At risk of sticking my neck out and offending various readers, I think that Halberstam is exactly correct when stating this:
The questions about the politics of OOO and speculative realism, it seems to me, are questions that I might also direct to you in terms of these 5 or 6 lengthy posts – it is not a matter of whether we can find points of political engagement, of course we can find many active arenas of contestation in terms of the environment, the centering of the human and so on but there is an apolitical drift that comes in to the form of a high theoretical commitment to grand narratives and normative modes of theorizing. The theories that count and that get counted in OOO and SR tend to be masculinist most of the time and tend to cluster around enlightenment and post-structuralist theory or a particular, continental stripe: Hegel, Heidegger, Derrida, Zizek, Lacan, with a Butler or Braidotti thrown in for good measure but nary a mention of race, class or postcolonial thinking.
As for “nary a mention of race, class or postcolonial thinking,” one of the interesting puzzles in the formula “SR/OOO are a kind of continental philosophy” is the fact that continental philosophy has such a strong association with matters of human identity, and SR/OOO/etc. are interested in various non- or extra-human matters, and are therefore moving in slightly different directions than continental philosophy has done in recent decades.

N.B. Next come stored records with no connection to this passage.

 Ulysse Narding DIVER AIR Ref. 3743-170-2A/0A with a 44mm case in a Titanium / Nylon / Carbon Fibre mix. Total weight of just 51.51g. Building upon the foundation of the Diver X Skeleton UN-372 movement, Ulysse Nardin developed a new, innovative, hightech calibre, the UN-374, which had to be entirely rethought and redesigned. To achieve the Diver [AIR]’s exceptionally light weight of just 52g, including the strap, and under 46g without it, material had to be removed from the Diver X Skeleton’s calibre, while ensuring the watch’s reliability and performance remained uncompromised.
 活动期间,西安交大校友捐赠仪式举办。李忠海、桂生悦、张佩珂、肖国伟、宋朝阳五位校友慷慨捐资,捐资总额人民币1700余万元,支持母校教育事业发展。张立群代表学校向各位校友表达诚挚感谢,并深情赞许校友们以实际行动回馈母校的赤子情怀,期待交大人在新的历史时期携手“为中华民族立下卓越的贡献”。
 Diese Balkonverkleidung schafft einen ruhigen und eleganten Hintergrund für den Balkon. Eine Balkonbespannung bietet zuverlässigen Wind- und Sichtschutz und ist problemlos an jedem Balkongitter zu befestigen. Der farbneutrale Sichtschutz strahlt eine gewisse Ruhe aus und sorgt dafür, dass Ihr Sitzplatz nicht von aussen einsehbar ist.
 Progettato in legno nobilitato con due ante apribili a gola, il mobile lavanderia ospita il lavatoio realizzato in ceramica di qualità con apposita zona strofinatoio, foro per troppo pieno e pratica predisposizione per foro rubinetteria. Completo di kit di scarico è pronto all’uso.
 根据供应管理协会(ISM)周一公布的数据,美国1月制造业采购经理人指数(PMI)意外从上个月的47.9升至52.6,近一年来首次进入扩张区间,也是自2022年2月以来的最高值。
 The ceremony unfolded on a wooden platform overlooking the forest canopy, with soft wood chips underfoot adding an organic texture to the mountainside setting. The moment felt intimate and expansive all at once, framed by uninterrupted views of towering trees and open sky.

The assumption—which seems to be prevalent—that this means “abandoning” questions of human identity is an interesting one.

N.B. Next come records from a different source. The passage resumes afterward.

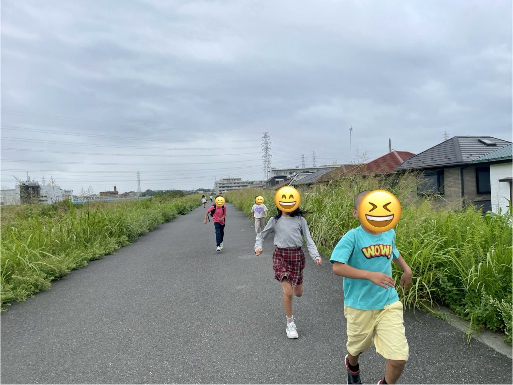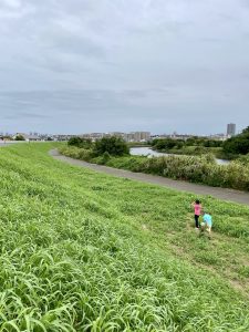 急に涼しくなった日。土手沿いは気持ちいい。子ども達はしゃぎまくりで、土手の坂を駆け上がったり、お花や虫にキャーキャー言ったり。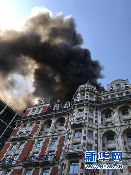 這是6月6日在英國倫敦騎士橋附近拍攝的起火的文華東方酒店。新華社發(fā)(鄧漢聲攝)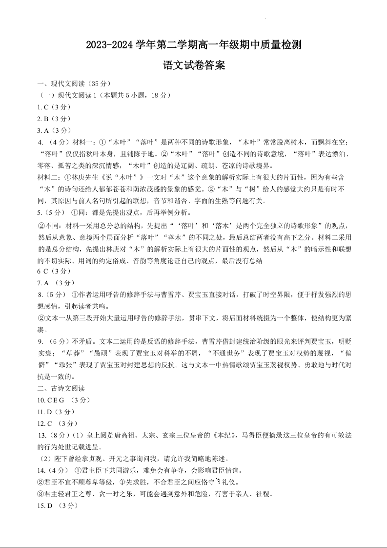 甘肃省武威市凉州区2023-2024学年高一下学期期中质量检测语文答案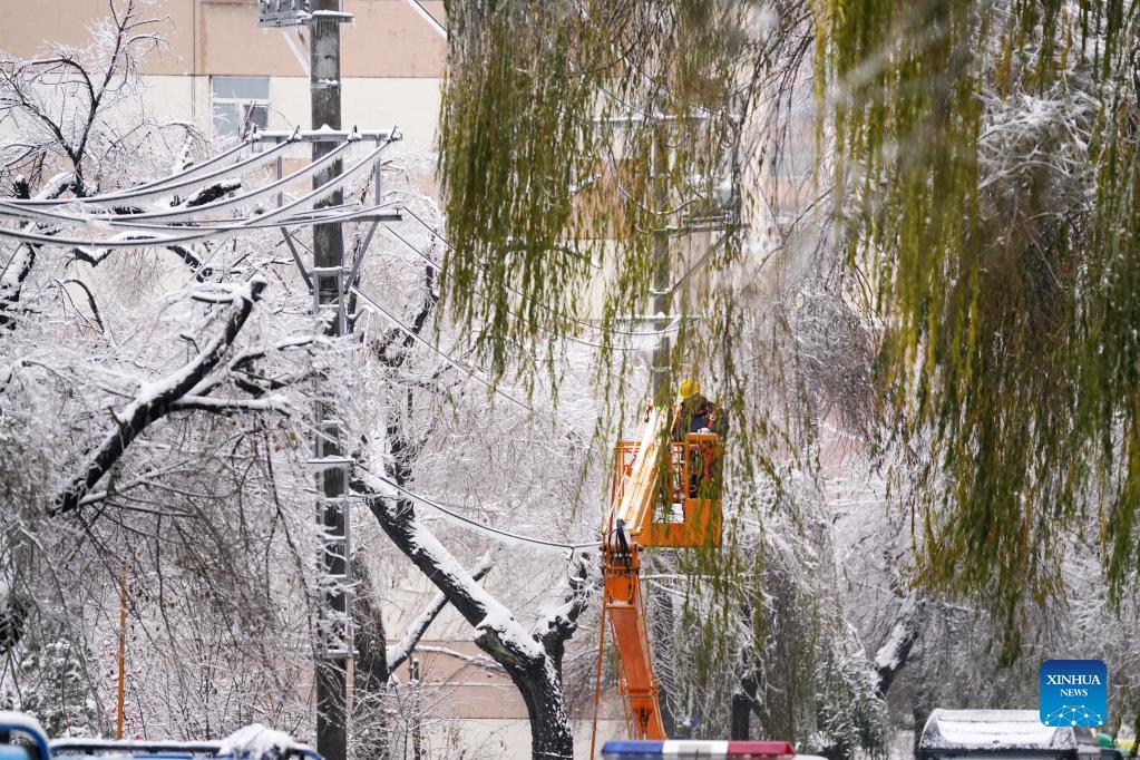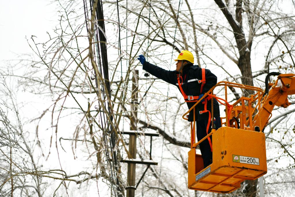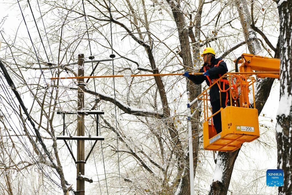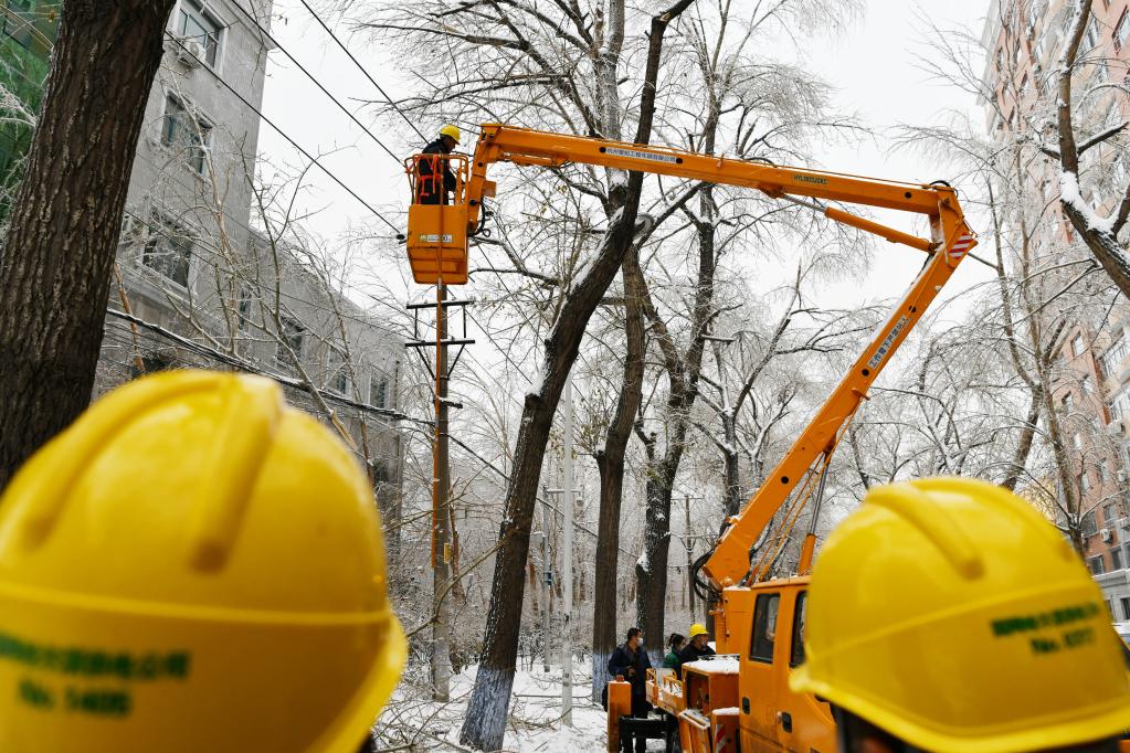 Technicians of the State Grid Harbin Electric Power Company check power transmission lines to ensure the stable power supply in Harbin, northeast China's Heilongjiang Province, Nov. 9, 2021. Faced with the recent cold weather and snowstorms, the local authorities of Harbin have launched an emergency response program to ensure power, gas and heat supply, guaranteeing people's normal life. (Xinhua/Wang Jianwei)

I don’t believe that OOO means a total abandoning of questions of identity and relationships between humans explicitly, but I do know that I can’t name a single person in the OOO/SR field who deals with human relationships. I also know that Bogost has a large section of a chapter in Alien Phenomenology dedicated to ethics that seems to purposefully sidestep any talk of what it means to live or be ethical if we take the political implications of OOO seriously.
What I am getting at here is that there is a hole in OOO that no one seems to want to touch except for Levi Bryant. It is a hole that is ethics shaped and politics deep. Halberstam brings this up beautifully in this post. I can’t summarize it because I believe that every single point is correct and spot on–more than that, it should be taken very seriously by OOO scholars. A taste:
So, ok, if women and racialized bodies have all too often been rendered as “things” in the marketplace of commodity capitalism, and if a lot of the work on on Object Oriented Philosophy leaves the status of the human unmarked even when rejecting it in favor of the object and relations between objects then surely we need a queer and or feminist OO philosophy in order to address the politics of the object.
Though Halberstam, being in conversation, makes no calls for anything, I certainly want to. Writing, in and of itself, is a political and ethical endeavor. There should be action on the part of everyone to break out of the current bind that OOO is in of having white men as their patron saints–Bryant has done this with his recent discovery of the feminist materialists, but I rarely see it anywhere else. This shit is important. Discourse is shaped and all of that jazz.
It seems like I’ve gone a long way off from flat ethics, but not really. I think that a project of ethical engagement is incredibly important, maybe the most important thing, and I also believe that OOO gives us a really good start at getting there. It should also be apparent from this post, though, that the very act of being a object-oriented ontologist is rife with complications and ethical conundrums, especially in the citational apparatus that constructs the field of “accepted” OOO theorists.
So these are all points of contention, but they are also just simple questions. I always stress in these posts that I am not hostile to OOO, but that I am just curious. It is a field that is shaping itself as we speak. That process can go in a lot of different directions. I want it to be a good one.